## Problem details
From the first line to the last, give the material again exactly, without the images.

## Material for this exercise
BEGIN

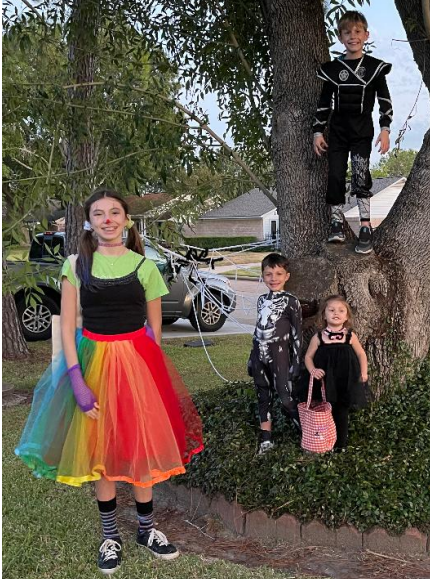
The Pubchara Kids

Kiddos (and kiddos at heart) came together this fall to celebrate Halloween. It's always great fun to see the costumes - some cute, some creative, some confusing! Not to mention, a little friendly neighbor-to-neighbor decorating war can raise the Halloween bar! Here are some photographs from this year's events!
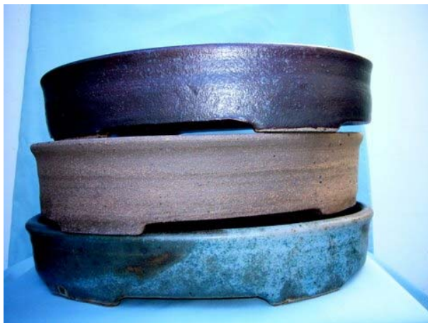
Three oval pots
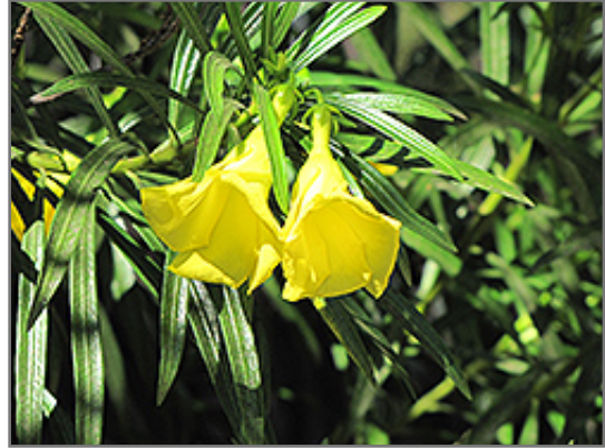
Yellow Oleander flowers
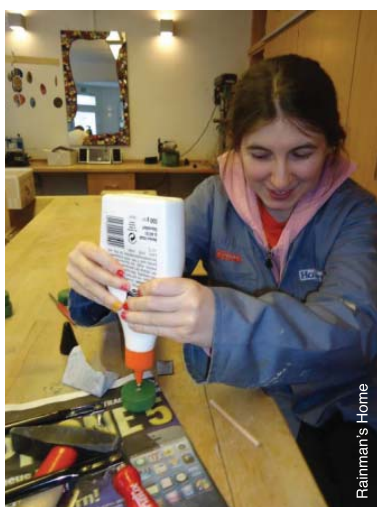
Developing woodwork skills in Austria.

Criticisms of sheltered workshops have mainly centred around the segregation and exploitation of people with disabilities and the denial of their rights that has taken place in some of these workshops. For example, workshops in which people with disabilities work in jobs that are below their level of skill, for pay that is below minimum wage, for organisations that profit substantially from exploiting their labour and offer them little or no opportunity to develop their skills for the open labour market. 86 The people with autism who work in these sheltered workshops have often been those who have been institutionalised and their participation in sheltered workshops has not been a result of the free choice of the individual or their family members. 87 Clearly, these practices cannot, under any circumstances, be considered acceptable.
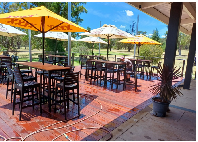
The new deck - all ready for the Sapphire Cup
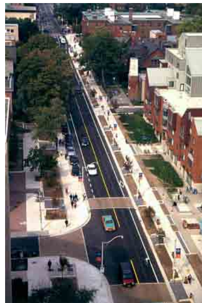
Complete Street w/defined crosswalks, bike lanes and broad sidewalks.

Streetscapes can improve the pedestrian experience by creating a safe environment that is both pleasant convenient. Well designed streetscapes can also increase the commercial viability of a community and provide a unified design that can carry people through and to the area. An inviting, aesthetically pleasing streetscape has the opportunity to create a walkable, pedestrian friendly community.
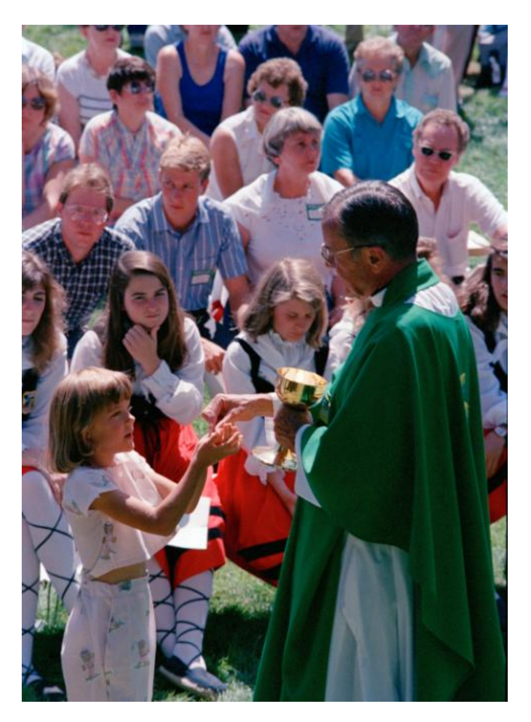
In this Sept. 19, 1988 file photo Rev. Joseph Hart dispenses communion during an outdoor Mass celebrated for participants of the Basque Festival in Buffalo, Wyo.

The Vatican has cleared a retired U.S. bishop of multiple allegations he sexually abused minors and teenagers, rejecting lay experts' determination that a half-dozen claims were credible and instead slapping him on the wrist for what it called "flagrant" imprudent behavior.
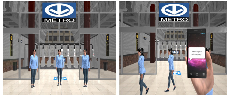
Fig 1. Virtual subway station as seen by the participants through the helmet mounted display. On the left, the picture represents the three virtual humans at the beginning of the trial. The picture on the right represents a condition where a text message was displayed on the screen of a virtual phone during a catch trial (all avatars moving away).

https://doi.org/10.1371/journal.pone.0217062.g001
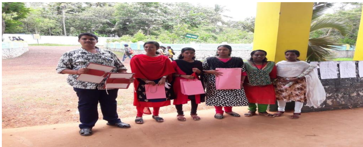
ASAP students with the paper bag and paper files made.....
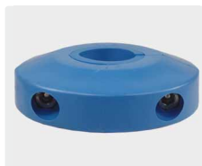
Hose stop with six exchangeable inserts. Hose ∅ 10 - 34 mm
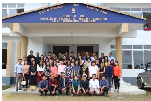
2017 Freshers' Day on 4 th July '17
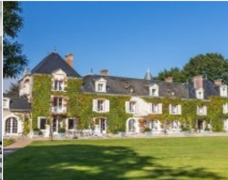
* Example of the type of accommodation
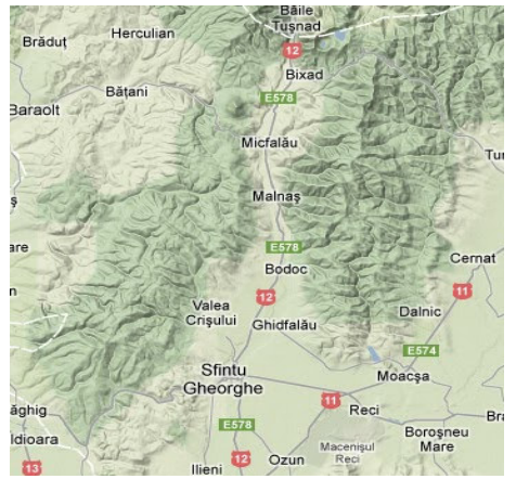
Fig. 1. Research location [17]

- Establishment of forest sites and forest types distribution from the researched territory.
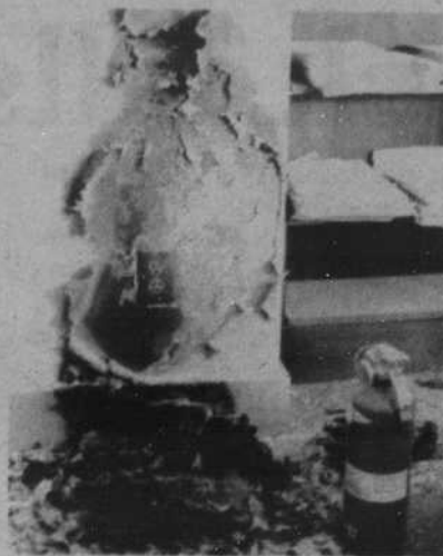
At least $500 worth of damage occurred during a fire at Straub Hall last Friday.
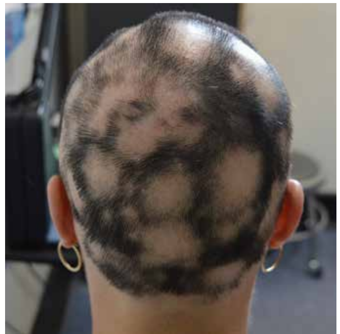
Figure 2. Example of patchy AA
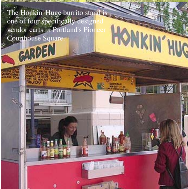
The Honkin' Huge burrito stand is one of four specifically designed vendor carts in Portland's Pioneer Courthouse Square.

Arts & History. Signature downtown parks are usually pieces of history themselves or are built atop land rich in city history, and the features of parks reflect this. Pioneer Courthouse Square features the entrance columns of the former hotel that graced the site. As central locations of civic activity, the parks also feature symbolic public art or statues. Pioneer Courthouse Square
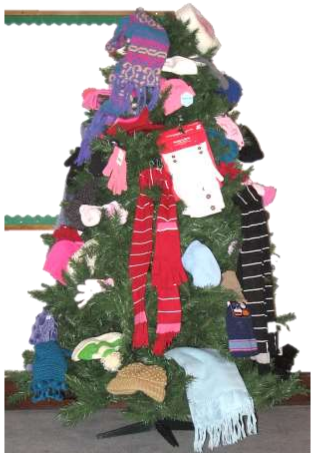
The giving tree overflows with contributions from the 2010 hats and gloves drive.

Don't forget, Trinity gets a 10% discount coupon from Burlington Coat Factory for each coat donated. Coupons are on the table in the vestibule for your use.

END

## Answer below
The Pubchara Kids

Kiddos (and kiddos at heart) came together this fall to celebrate Halloween. It's always great fun to see the costumes - some cute, some creative, some confusing! Not to mention, a little friendly neighbor-to-neighbor decorating war can raise the Halloween bar! Here are some photographs from this year's events!
Three oval pots
Yellow Oleander flowers
Developing woodwork skills in Austria.

Criticisms of sheltered workshops have mainly centred around the segregation and exploitation of people with disabilities and the denial of their rights that has taken place in some of these workshops. For example, workshops in which people with disabilities work in jobs that are below their level of skill, for pay that is below minimum wage, for organisations that profit substantially from exploiting their labour and offer them little or no opportunity to develop their skills for the open labour market. 86 The people with autism who work in these sheltered workshops have often been those who have been institutionalised and their participation in sheltered workshops has not been a result of the free choice of the individual or their family members. 87 Clearly, these practices cannot, under any circumstances, be considered acceptable.
The new deck - all ready for the Sapphire Cup
Complete Street w/defined crosswalks, bike lanes and broad sidewalks.

Streetscapes can improve the pedestrian experience by creating a safe environment that is both pleasant convenient. Well designed streetscapes can also increase the commercial viability of a community and provide a unified design that can carry people through and to the area. An inviting, aesthetically pleasing streetscape has the opportunity to create a walkable, pedestrian friendly community.
In this Sept. 19, 1988 file photo Rev. Joseph Hart dispenses communion during an outdoor Mass celebrated for participants of the Basque Festival in Buffalo, Wyo.

The Vatican has cleared a retired U.S. bishop of multiple allegations he sexually abused minors and teenagers, rejecting lay experts' determination that a half-dozen claims were credible and instead slapping him on the wrist for what it called "flagrant" imprudent behavior.
Fig 1. Virtual subway station as seen by the participants through the helmet mounted display. On the left, the picture represents the three virtual humans at the beginning of the trial. The picture on the right represents a condition where a text message was displayed on the screen of a virtual phone during a catch trial (all avatars moving away).

https://doi.org/10.1371/journal.pone.0217062.g001
ASAP students with the paper bag and paper files made.....
Hose stop with six exchangeable inserts. Hose ∅ 10 - 34 mm
2017 Freshers' Day on 4 th July '17
* Example of the type of accommodation
Fig. 1. Research location [17]

- Establishment of forest sites and forest types distribution from the researched territory.
At least $500 worth of damage occurred during a fire at Straub Hall last Friday.
Figure 2. Example of patchy AA
The Honkin' Huge burrito stand is one of four specifically designed vendor carts in Portland's Pioneer Courthouse Square.

Arts & History. Signature downtown parks are usually pieces of history themselves or are built atop land rich in city history, and the features of parks reflect this. Pioneer Courthouse Square features the entrance columns of the former hotel that graced the site. As central locations of civic activity, the parks also feature symbolic public art or statues. Pioneer Courthouse Square
The giving tree overflows with contributions from the 2010 hats and gloves drive.

Don't forget, Trinity gets a 10% discount coupon from Burlington Coat Factory for each coat donated. Coupons are on the table in the vestibule for your use.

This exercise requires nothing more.